In the “Find Zeros to be Flipped so that Number of Consecutive 1’s is Maximized” problem we have given a binary array and a number x which denotes the no. of zeros to be flipped. Write a program to find the zeros that need to be flipped so that the_number of consecutive 1’s is maximized.

Input Format

The first and only one line containing an integer value n.

Second-line containing n numbers(0 or 1) with space-separated.

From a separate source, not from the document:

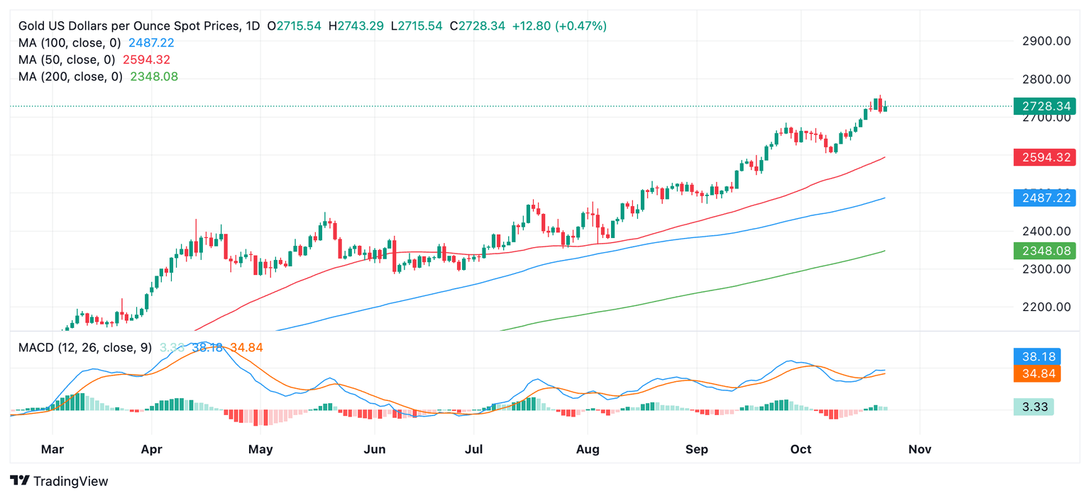 El Índice de Fuerza Relativa (RSI) ha retrocedido desde la sobrecompra, aconsejando a los tenedores de posiciones largas que cierren sus posiciones largas y abran cortas. Es posible que esto pueda anunciar una corrección más profunda, sin embargo, dada la fuerte tendencia alcista, no es suficiente por sí solo para estar seguro. El soporte se encuentra en 2.750$, 2.700$ (niveles clave de número redondo) y 2.685$ (máximo de septiembre).

The third line containing an integer x denotes the number of zeros to be flipped.

Output Format

Print x integers by space-separated denoting the indexes of the position in which we flip the zeros.

• 1<=n<=10^5
• 0<=a[i]<=1
• 1<=x<=n

Example

```7
0 1 0 1 1 0 1
2```
`2 5`

Explanation: In the above example, we can see that when the zeroes at indexes 2 and 5 are flipped. We get maximum  number of consecutiive ones.

Algorithm

In this method, the main idea is to use the sliding window concept.

1. Initialize a variable count to keep track of number of zeros

2. Till the right pointer of the window is less than the input array

3. If the count is less than the input number of zeros, then increase the window size to the right, and if we find any zero increments the count value.

Count Subsets Having Distinct Even Numbers

4. If the count is greater than the input number of zeros, then decrease the window size from the left, and if we find any zero decrements the count value.

5. If the window size is greater than the previous window size makes it as the best window.

6. Print the zeros indexes in the best window.

Implementation

C++ Program to Find Zeros to be Flipped so that Number of Consecutive 1’s is Maximized

```#include<bits/stdc++.h>
using namespace std;

int main()
{
int n;
cin>>n;
int a[n];
for(int i=0;i<n;i++)
{
cin>>a[i];
}
int x;
cin>>x;
int left = 0, right = 0;
int temp = 0, ans = 0;
int count=0;
while(right<n)
{
if(count <= x)
{
if (a[right] == 0)
count++;
right++;
}
if(count>x)
{
if(a[left] == 0)
count--;
left++;
}
if ((right-left > ans) && (count<=x))
{
ans = right-left;
temp = left;
}
}
for(int i=0;i<ans; i++)
{
if(a[temp+i]==0)
{
cout<<temp+i<< " ";
}
}
return 0;
}
```

Java Program to Find Zeros to be Flipped so that Number of Consecutive 1’s is Maximized

```import java.util.Scanner;
class sum
{
public static void main(String[] args)
{
Scanner sr = new Scanner(System.in);
int n=sr.nextInt();
int a[]= new int[n];
for(int i=0;i<n;i++)
{
a[i]=sr.nextInt();
}
int x = sr.nextInt();
int left = 0, right = 0;
int temp = 0, ans = 0;
int count=0;
while(right<n)
{
if(count <= x)
{
if (a[right] == 0)
count++;
right++;
}
if(count>x)
{
if(a[left] == 0)
count--;
left++;
}
if ((right-left > ans) && (count<=x))
{
ans = right-left;
temp = left;
}
}
for(int i=0;i<ans; i++)
{
if(a[temp+i]==0)
{
System.out.print((temp+i) + " ");
}
}
}
}
```
```6
1 0 0 1 0 1
1```
`4`

Complexity Analysis

Time Complexity

O(n) where n is the size of the given array a[]. Here we use the concept of sliding window which takes linear time.

Space Complexity

O(1) because we don’t define any auxiliary space here.